Отвергая авторитеты позднесредневековой схоластики, он неустанно
издавал труды первые отцов церкви. Отредактировать и издать девять томов
сочинений св. Иеронима стоило Эразму, по его собственному замечанию, больше
труда, чем автору их написать. Это обращение к первоисточникам было формой
движения вперед, так как множило в умах сомнения в бесспорности
установленных церковью догм, относительно которых, как оказывалось, во
многом расходились и сами отцы церкви. Но тем самым Эразм обосновывал
принцип широкой терпимости в вопросах веры, которые - за исключением
немногих самых общих положений - должны были, по его мнению, стать частным
делом каждого верующего, делом его свободной совести и разумения.
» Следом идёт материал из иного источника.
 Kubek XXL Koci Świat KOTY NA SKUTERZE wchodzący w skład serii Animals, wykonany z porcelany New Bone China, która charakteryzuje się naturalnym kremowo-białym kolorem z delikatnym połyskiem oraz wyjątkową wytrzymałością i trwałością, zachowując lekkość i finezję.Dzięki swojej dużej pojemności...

Призывая
своих последователей переводить Библию на новые языки и оставляя за каждым
верующим право разобраться в священном писании как единственном источнике
веры, Эразм открывал доступ в святая святых богословия всякому христианину,
а не только первосвященникам теологии.
Но это было подкопом под устои единой и монолитной церкви. "Очищенная"
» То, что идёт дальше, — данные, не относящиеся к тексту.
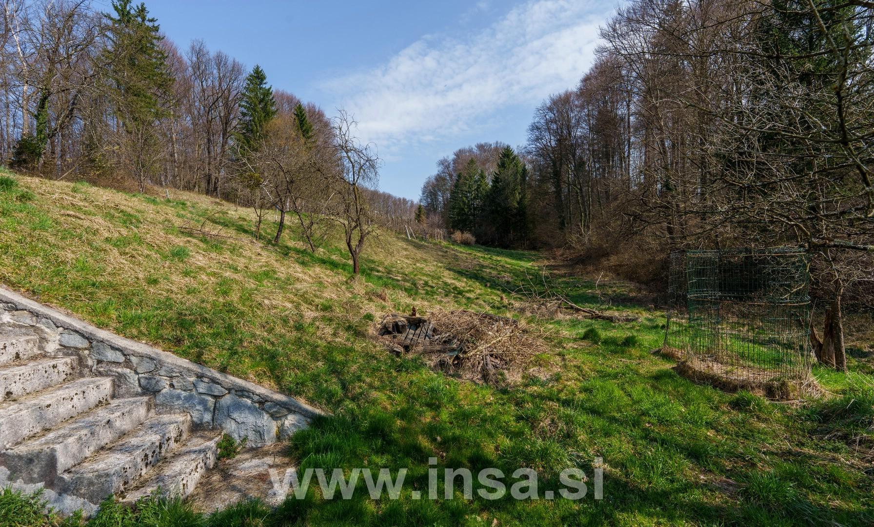 Stavbo zemljišče v skupni izmeri 3.943 m2 – obdaja objekte in je delno ravno in delno pod blagim naklonom. Kmetijske površine; njive (razpršene v skupni izmeri cca. 9.000 m2).  Gozd 21.590 m2. Ostalo ( cca. 9.800 m2) je delno opuščen vinograd, nekaj travnika in sadovnjaka.

от языческого "внешнего христианства", обоснованная филологическим анализом,
новая теология объективно расчищала путь деизму и вела к отказу от всякой
догматики. Не удивительно, что в "эразмизме", осужденном церковью уже в XVI
веке, католические и протестантские теологи находили и арианскую ересь
(отрицание божественности Христа) и пелагианство (сомнение в спасении верой,
в исключительной роли благодати). И хотя сам Эразм вполне искренне отстаивал
свою ортодоксальность, его убеждение в бесплодности изощренных словопрений,
его равнодушие к неразрешимым противоречиям в вопросе о триединстве,
пресуществлении и т. д., к спорам о спасении верой или добрыми делами, его
ирония по адресу всяких окончательных и общеобязательных суждений - все это
сеяло скепсис и подрывало основы церкви и христианства в целом.
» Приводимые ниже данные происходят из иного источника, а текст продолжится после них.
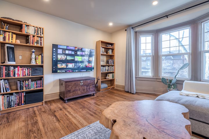 توفر هذه الوحدة المكونة من غرفة نوم واحدة في الطابق العلوي إقامة مريحة وعملية داخل منزل سكني. تشمل المساحة منطقة معيشة مرتبة جيدًا مع تلفزيون ذكي ومطبخ عملي للاستخدام اليومي ومنطقة لتناول الطعام وغرفة نوم بسرير كينج. تتميز الوحدة بإنترنت عالي السرعة وغسالة ومجفف داخل الوحدة. يتم الوصول عبر مدخل مشترك، حيث يقيم المالك في الطابق الرئيسي. يتم توفير رموز دخول القفل الذكي قبل الوصول.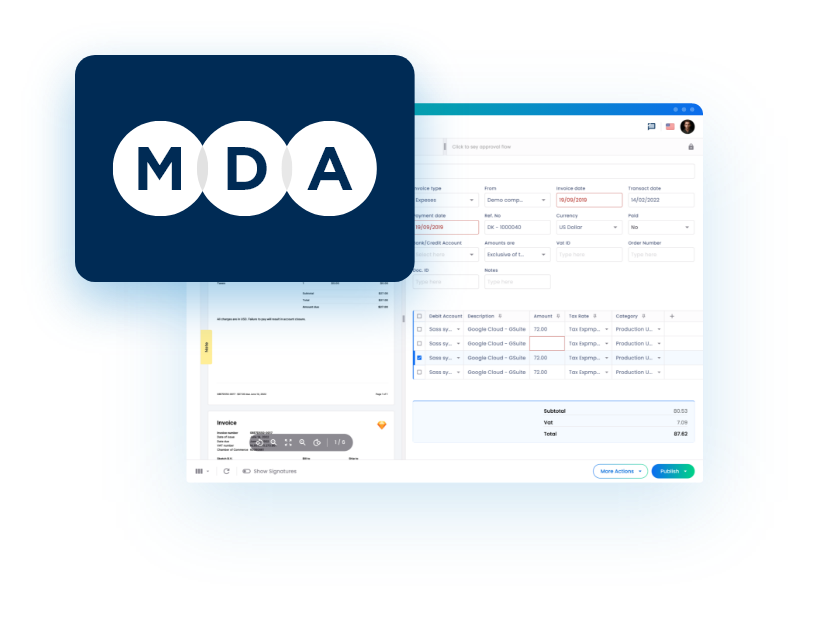 DOKKA captures invoice data and uses AI and Smart OCR to create journal entry recommendations. The transaction, together with the file will be created and uploaded into MDA (MRI). This completely eliminates the need for manual data entry and streamlines your accounts payable process.
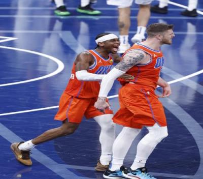 雷霆在淘汰赛中先后战胜独行侠和火箭,他们将冲击队史第一座冠军奖杯。

Влияние Эразма на современников было огромным. Его иногда сравнивают с
влиянием Вольтера в XVIII веке. Лучше всех других гуманистов Эразм оценил
могучую силу книгопечатания, и его деятельность неразрывно связана с такими
известными типографами XVI века, как Альд Мануций, Фробен, Бадий. С помощью
печатного станка - "почти божественного инструмента", как его называл
Эразм, - он выпускал в свет одно произведение за другим и руководил
благодаря живым связям с гуманистами всех стран (о чем свидетельствуют
одиннадцать томов его переписки) некоей "республикой гуманитарных наук",
подобно тому, как в XVIII веке Вольтер возглавил просветительское движение.
Десятки тысяч экземпляров книг Эразма были его оружием в борьбе с целой
армией монахов и теологов, неустанно против него проповедовавших и
отправлявших на костер его последователей.
Всей своей деятельностью, в особенности начиная с 1511 года, когда
появляется "Похвальное слово Глупости", Эразм способствовал тому, что в его
время "духовная диктатура церкви была сломлена" [Маркс и Энгельс, Сочинения,
т. XIV, М. - Л. 1931, стр. 476]. В XVI веке это сказалось прежде всего в
возникновении протестантской церкви. Поэтому, когда в Германии вспыхнула
реформация (1517), ее сторонники были уверены, что Эразм выступит в ее
защиту и своим всеевропейским авторитетом укрепит реформаторское движение.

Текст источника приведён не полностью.